Per sostenere la crescita e di conseguenza la creazione di posti di lavoro, è necessario promuovere gli scambi a livello mondiale facendo crollare le misure protezionistiche che a tutt’oggi alcuni Paesi continuano a mantenere. In questo modo, tali Paesi fanno concorrenza sleale, poiché offrono alle proprie imprese un vantaggio rispetto a quelle delle altre nazioni.
Per rimuovere tali barriere, l’Unione Europea ha sollecitato i negoziati nell’ambito dell’Organizzazione mondiale del commercio, sollecitando altresì l’adozione reale di un sistema aperto di scambio delle materie prime equo, sostenibile e trasparente.

Le parole di Barak Obama

Il 3 novembre c’è stata una sessione di lavoro alla quale hanno partecipato il Presidente francese e il Presidente statunitense. Obama ha dichiarato di aver focalizzato il tema dell’incontro sulla stabilizzazione dei mercati finanziari e sul riassestamento dell’economia globale in modo da creare nuovi posti di lavoro in tutto il mondo. Obama ha lodato continuamente l’operato di Sarkozy, ospite del summit, e la sua “straordinaria leadership” che si è dimostrata proprio nell’affrontare le problematiche suscitate dalla crisi economica.

Il Presidente degli Stati Uniti si è mostrato concorde con il collega francese per quanto riguarda i passi più importanti da fare per trovare una risoluzione rapida alla crisi europea, che comprendono gli aiuti alla Grecia e l’adozione di norme sulla sicurezza (con uno sguardo al programma nucleare iraniano che è da tempo un dente dolente per gli USA).

Al discorso di Obama il presidente francese ha replicato ricordando che il supporto degli USA è stato fondamentale per analizzare la situazione mondiale allo scopo di creare una strategia comune per la stabilità economico finanziaria. Sarkozy ha però tenuto ad aggiungere quanto fosse importante anche risolvere i problemi della moneta unica europea e quanto fosse ormai improcrastinabile l’adeguamento del sistema di tassazione sulle transazioni finanziarie.
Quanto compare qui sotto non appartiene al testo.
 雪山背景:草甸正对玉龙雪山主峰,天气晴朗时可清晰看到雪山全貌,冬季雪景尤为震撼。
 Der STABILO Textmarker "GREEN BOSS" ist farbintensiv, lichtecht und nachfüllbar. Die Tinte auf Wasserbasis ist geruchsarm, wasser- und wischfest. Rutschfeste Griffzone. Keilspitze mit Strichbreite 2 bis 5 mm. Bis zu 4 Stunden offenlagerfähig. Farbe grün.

L’idea di tassare le transazioni finanziarie è da tempo portata avanti dalla Francia, ma ora si sono aggiunte diverse altre nazioni rendendola fattibile.

Infine, il Presidente Sarkozy ha ricordato come l’unione delle forze armate francesi e quelle americane abbia fatto da preludio a questa sorta di “partenariato” italo-statunitense nell’affrontare la questione economico-finanziaria.

Le parole di Barroso

Il 2 novembre il presidente della Commissione europea, Manuel Barroso, al suo arrivo a Cannes aveva invece subito premuto sul problema Grecia facendo un appello urgente per l’unità nazionale e politica del Paese che attualmente rappresenta il tallone d’Achille dell’intera Unione Europea. Barroso ha esordito dicendo che l’Europa deve assolutamente e immediatamente adottare le misure per supportare la Grecia in questo frangente, ma che la prima misura deve avere lo scopo di creare la stabilità nella regione. Infatti, afferma Barroso, senza l’accordo della Grecia sul programma europeo stabilito, le condizioni per i cittadini greci peggioreranno e renderanno vulnerabile l’intera area con conseguenze negative impossibili da prevedere.
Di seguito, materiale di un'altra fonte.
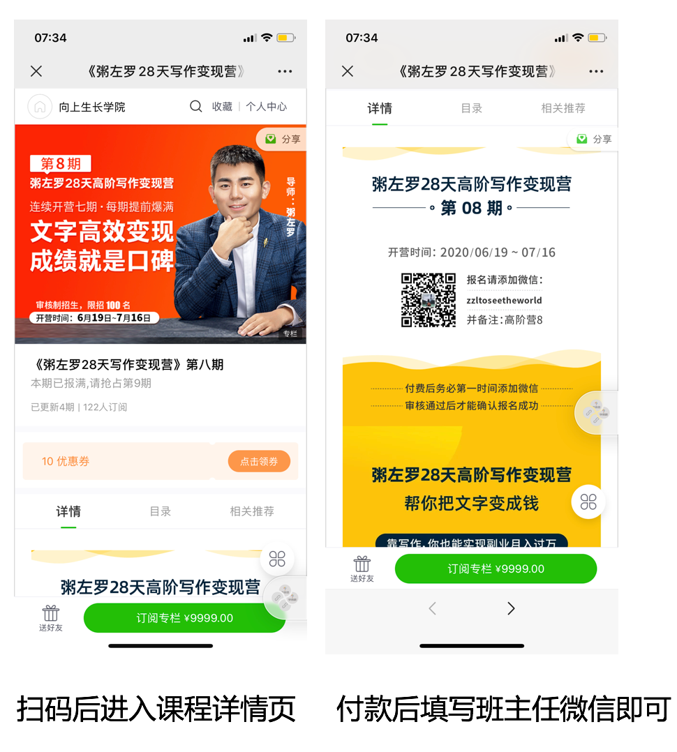 轉化路徑:看到推文/海報——掃碼進入課程介紹頁面——微信支付下單——添加班主任微信——通過后將付款截圖發(fā)給班主任。
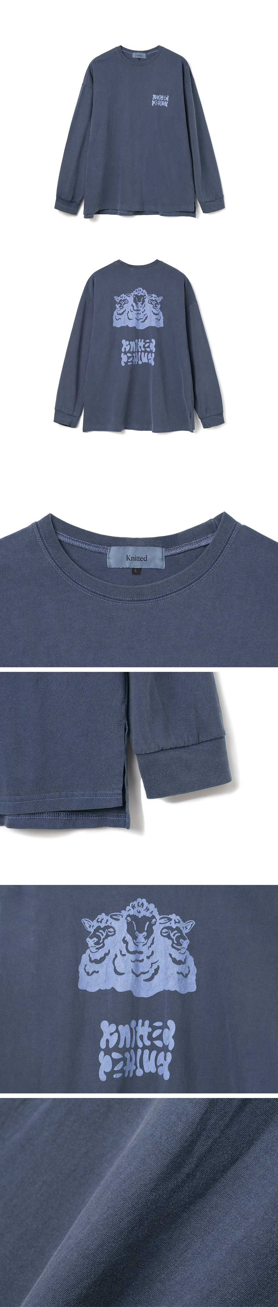 니티드 피그먼트 롱 슬리브 티셔츠 워싱 블루

Il Presidente della Commissione europea si è mostrato pertanto preoccupatissimo per l’indecisione del leader greco che, dopo aver concordato il piano con l’Europa, ha deciso di rimettere tale decisione nelle mani del popolo greco mettendo a rischio la politica economica e finanziaria dell’intero Paese con possibili ripercussioni negative in tutta Europa. Barroso ha richiamato i governanti greci ad assumersi le responsabilità delle proprie cariche mostrando di essere intenzionati a collaborare con il resto dell’UE implementando il programma stabilito insieme allo scopo di uscire dalla crisi. Per questo motivo, d’altronde, la Grecia aveva chiesto aiuto all’UE.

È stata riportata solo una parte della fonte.